Chiamo casa l’ombra di una quercia secolare, il legno sulla spiaggia sbiadito dalla salsedine, la solitudine di un mare notturno: riporta parole agrodolci che non voglio sentire.
Casa è dove fa male, diceva una canzone una volta. Non mi è bastata una vita intera per convincermi a parlare delle astratte dispute del cuore.

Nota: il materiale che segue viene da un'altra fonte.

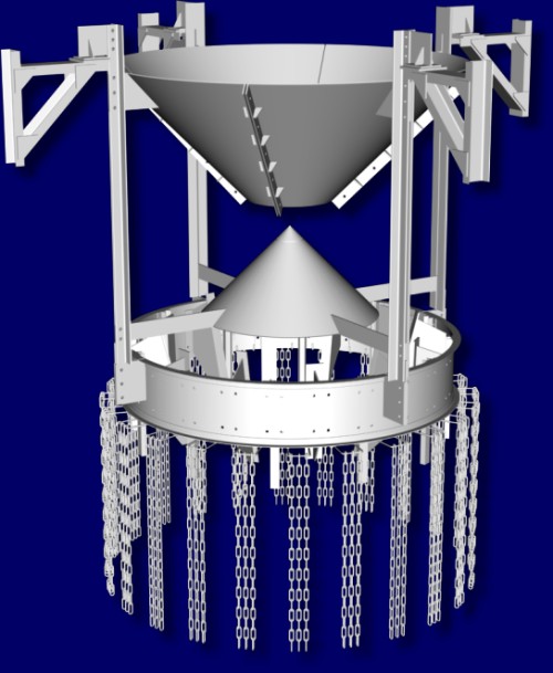 Zamontowane w piecu wapiennym urządzenie do rozprowadzania wsadu,

Chiamo casa la tenerezza con la quale mi parli tu che usi una lingua franca che conobbi anch’io quando venni al mondo. Il primo tocco di mia madre mi aprì la vista sul lungo filo ignoto dei giorni e fu, tuttavia, l’unica cosa che mi rimproverò, quella tenerezza, in nome di un’utopia possente e dissoluta che mi facesse navigare sempre in acque cattive. Imparai, da quell’inverno mite e profumato, la grazia dell’onda contro la roccia, il sollievo dello sporco addosso.
Chiamo casa le tue mani che raccolgono il mio viso come se fosse grano caldo.
Casa è la preghiera che esaudiscono i baci tuoi, fermi in un punto chissà dove sotto il mio occhio destro. Mi tormenta l’incauta idea d’essere immeritevole di bonaccia e respingo come acqua tra i remi te che sei tutt’intorno.